Come la tecnologia possa aiutare i medici di base a svolgere bene (o meglio) la loro funzione è ancora un territorio tutto da scoprire. Se ne è parlato anche all’ultimo congresso della Federazione italiana medici di medicina generale. In Italia, i medici di famiglia hanno investito quasi 80 milioni di euro nel 2017 per tenere il passo rispetto al processo di digitalizzazione del Paese. Ma nella categoria esiste una preoccupazione di fondo: “La percezione è che i processi di digitalizzazione vengano presentati come la panacea per risolvere i problemi della sanità e dell’assistenza mettendo da parte tutte le questioni che riguardano l’essenza del processo di cura che è appunto la relazione medico-paziente” sottolinea Nicola Calabrese, presidente di Netmedica Italia la società della Fimmg che si occupa di servizi di sanità digitale per i suoi iscritti. “Francamente l’estremizzazione dell’algoritmo, seppure basato su dati inconfutabilmente scientifici, ci lascia a dir poco perplessi — rincara Enrico De Pascale, direttore generale della Federazione nazionale Ordini dei medici (Fnomceo) —. Il problema è che al centro del sistema ci deve essere la consapevolezza che l’informatica, la digitalizzazione e i processi devono essere uno strumento e non un fine. E che il bisogno di cura non può essere messo mai in secondo piano”.

Passaggi obbligati

Il ragionamento non trova però d’accordo Francesco Ripa Di Meana, presidente della Federazione italiana aziende sanitarie e ospedaliere (Fiaso) che mette in guardia: “Stiamo attenti che se saltiamo il passaggio dall’informatizzazione al digitale rischiamo di far controllare i nostri pazienti dal mercato, perché a un certo punto la velocità con cui i cittadini stanno avendo l’accesso ai servizi e si stanno attrezzando ci lascerà indietro”. Un rischio tutt’altro che remoto, se rivolgiamo lo sguardo al Regno Unito.
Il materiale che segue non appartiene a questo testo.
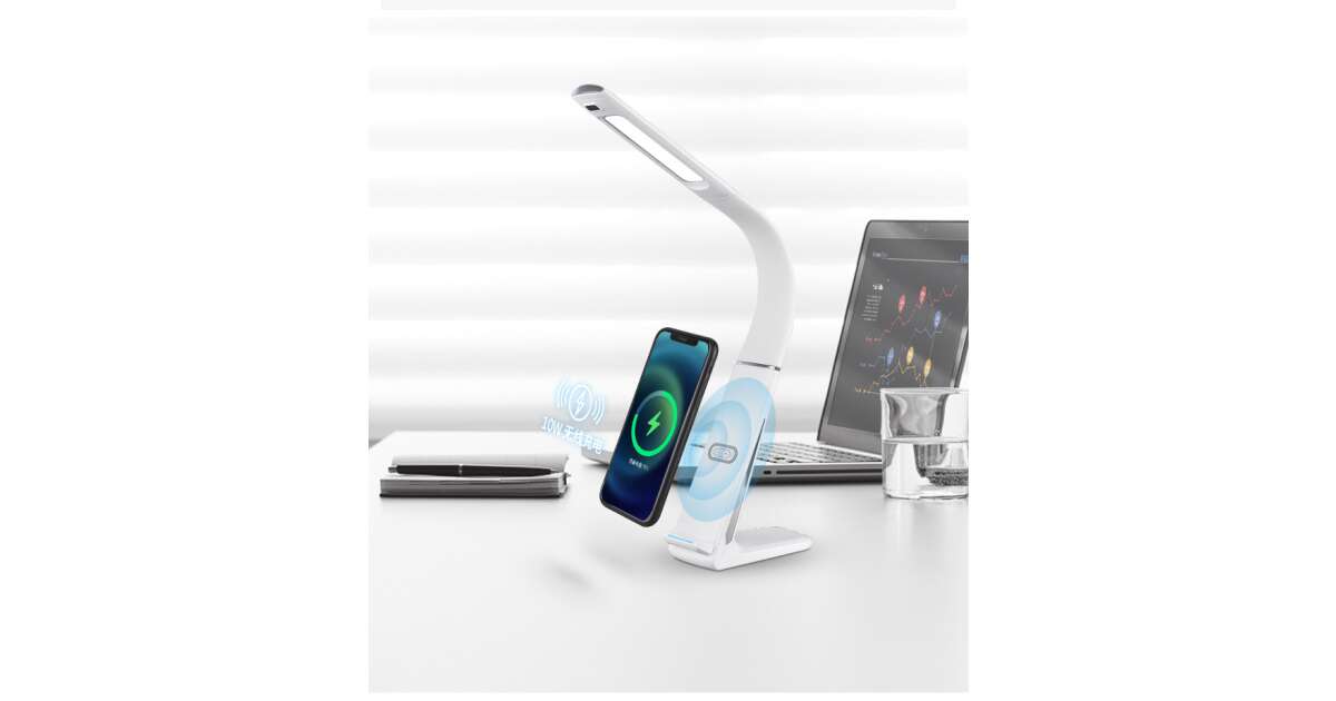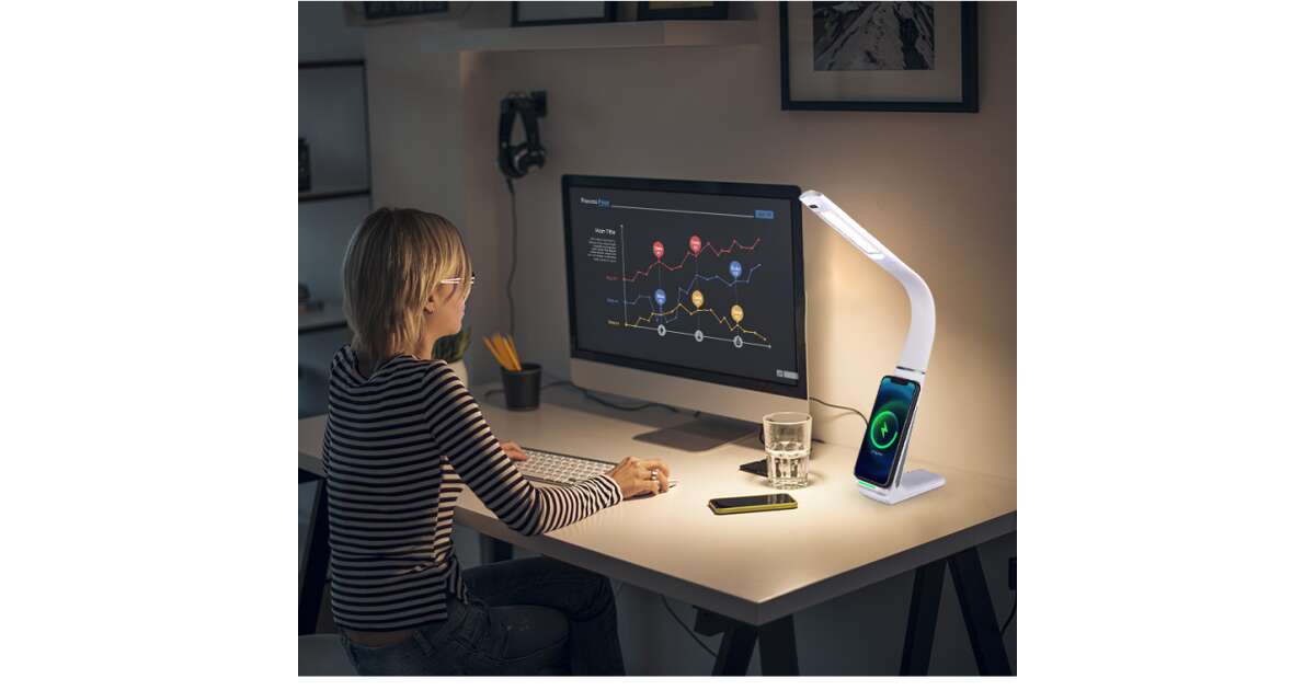 Lampka biurkowa z diodą LED SML TX 75, ładowanie bezprzewodowe 10W IOS lub telefon z systemem Android, port USB 5V/2.1A, ochrona oczu, elastyczne ramię regulowane oświetleniem 180° i ściemnia

Nella patria del sistema sanitario universalistico, il National Health System ha stipulato una convenzione con la compagnia privata Babylon, per l’utilizzo, per ora nella sola area di Londra, del servizio ‘GP at Hand’ (cioè «Medico di Famiglia – General Practitioner – a portata di mano»). Che cosa fa Babylon? “Una visita virtuale, supportata da algoritmi di Intelligenza artificiale — ha spiegato Claudio Dario, direttore sanitario dell’Azienda provinciale per i Servizi sanitari della Provincia autonoma di Trento che lo ha portato ad esempio di come la sanità si stia evolvendo —. Usando un’applicazione il paziente si collega, comincia a dichiarare i suoi sintomi e attraverso algoritmi predefiniti in un contesto scientifico nazionale, inglese, si vanno a selezionare progressivamente delle possibili diagnosi“. In pratica si tratta di una specie di triage, come quello che si fa quando si arriva in Pronto soccorso. I risultati?

Il 50% dei casi risolti dagli algoritmi

“Nel 2018 sono stati arruolati 50 mila pazienti ed effettuate 300 mila visite virtuali — riferisce Dario — il 50% delle richieste si sono risolte con una risposta ritenuta accettabile, data da sistemi automatici di Intelligenza artificiale; nel 30% dei casi si è passati al livello superiore: una visita virtuale, cioè a distanza; nel 20% è stata invece necessaria una valutazione clinica diretta da parte del medico”. Fra luci e ombre (molti criticano anche le basi scientifiche del progetto), Babylon sta pianificando di estendere ‘GP at hand’ a tutto il territorio nazionale. Potrebbe essere questa una soluzione ai tanti problemi che affliggono anche la medicina di base in Italia? Abbiamo chiesto al quartier generale di Babylon Health se qualcuno abbia preso contatti dall’Italia o se siano interessati al nostro mercato, ma non c’è stata risposta. Nel frattempo i nostri medici di famiglia incassano un dato rassicurante: la maggior parte degli italiani – intervistati in una ricerca condotta da Eumetra per BNP Paribas Cardif – conosce l’Intelligenza artificiale, ma l’84% non rinuncerebbe mai al rapporto umano con un dottore.